На кладбище к Ванееву на другой день пришли все вместе с матерью, вся колония ссыльных. Снегом занесло кладбище. Над могилами поднимались сугробики. Монотонно стояли кресты. Над одним сугробиком креста не было. Лежала чугунная плита.

«Анатолий Александрович Ванеев. Политический ссыльный. Умер 8 сентября 1899 г. 27 лет от роду. Мир праху твоему, Товарищ».

Эту чугунную плиту и надпись к ней заказал на Абаканском чугунолитейном заводе Владимир Ильич. По его воле слово «Товарищ» написано было с заглавной буквы.

Доминика принесла сына проститься с могилой отца.

«Прощай, Анатолий. Спасибо тебе, что я тебя знала. Обещаю, сына выращу честным. Прощай, мой большой Толь, мой любимый».

Она стала в снег на колени, прижимая к груди тёплый свёрток. Из пуховых платков и одеялец слабо слышалось тихое дыхание сына. «Простись с отцом, маленький Толь».

Было морозное утро. Снег на кладбище лежал свежий и чистый, искрясь и блистая на солнце.

Спустя несколько дней подъехала к воротам запряжённая парой крытая кошева. На заднем сиденье ворох умятого сена. Поверху сена положили одеяла. Усадили на одеяла Доминику со свекровью. Дали в руки Доминике свёрток с сыном. Запахнули на отъезжающих потуже тулупы. Подоткнули одеяла. Насовали в ноги узелки с подорожными. «Здоровы будьте, долгой жизни желаем, сына расти, Доминика, не забывай, помни, помни!» И тройка понесла кибитку, увозя из села Ермаковского маленького Толя Ванеева.

Что будет с ним? Какая судьба ждёт его?

О судьбе его можно было бы рассказать долгий рассказ. Это была бы повесть о поколении, которое восемнадцатилетним вступило в Великий Октябрь. Для которого Ленин был знаменем, совестью и вождём революции. Которое отвоёвывало от белогвардейцев и интервентов и отвоевало Октябрь. Строило заводы и шахты. Наводило мосты. Прокладывало дороги. Училось. Создавало Советскую страну и во все времена верило Ленину. И было оттого смелым и честным. Которое в расцвете сил и творчества отбивало от нашествия Гитлера наше отечество.

Маленький Толь в 1941 году был давно инженером. С первых дней войны надел шинель, стал солдатом. Какая судьба! Анатолию Ванееву выпало защищать Ленинград. Город Ленина, город отца.

Почти полвека назад его отец вместе с Лениным начинали здесь путь к революции.

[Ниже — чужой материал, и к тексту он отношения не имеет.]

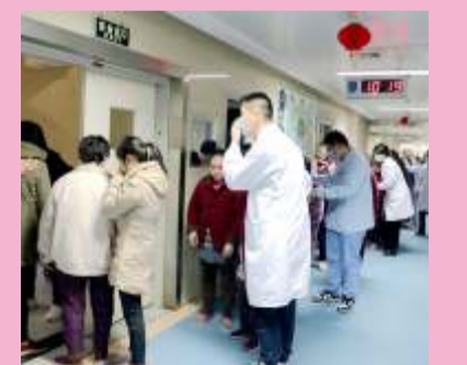
被安全疏散,“火情”被成功扑灭。

在接下来的讲解和演练中,大家按照应急处置人员分工,报警、灭火和疏散同步有效进行,在大家的协同作战下,人员

Под бомбами и артиллерийским огнём, в виду фашистских танков, под зловещим крылом самолёта с чёрной свастикой, Анатолий Ванеев, ты думал: «Город Ленина, город отца».

Ты вспоминал рассказы матери, как Ленин создавал в Петербурге «Союз борьбы за освобождение рабочего класса» и твой отец был верным помощником Ленина. Город Ленина, город отца.

Осенью 1941 года Анатолий Ванеев погиб под Ленинградом.

На Пискарёвском кладбище в Ленинграде на каменной стене высечены слова, посвящённые памяти многих тысяч героев. Среди многих тысяч — инженер Анатолий Анатольевич Ванеев.

Здесь лежат ленинградцы,

Здесь горожане — мужчины, женщины, дети.

Рядом с ними солдаты — красноармейцы,

Всею жизнью своею

Они защищали тебя, Ленинград, колыбель революции.

Их имён благородных мы здесь перечислить не сможем,

Так их много под вечной охраной гранита,

Но знай, внимающий этим камням,

Никто не забыт и ничто не забыто.

21

В сумерках Прошка вёз из омёта солому. Покрикивал, как заправский мужик.

— Ты, шевелись, пошевеливайсь! — похлёстывал безотказную бабки Степаниды кобылу, по прозвищу Зорька.

Докторский сын с деревянным коньком под мышкой бежал мимо кататься с горы.

— Прохор, а папа завтра раным-рано в Шушенское едет. Больного лечить. Урок по немецкому выучил? Ich schreibe, du schreibst Schreiben какого спряжения? А? Э! Что! Товарищ Прохор, вы заслужили по немецкому кол.

Докторский сын начертил пальцем в воздухе угрожающий товарищу Прохору кол и исчез.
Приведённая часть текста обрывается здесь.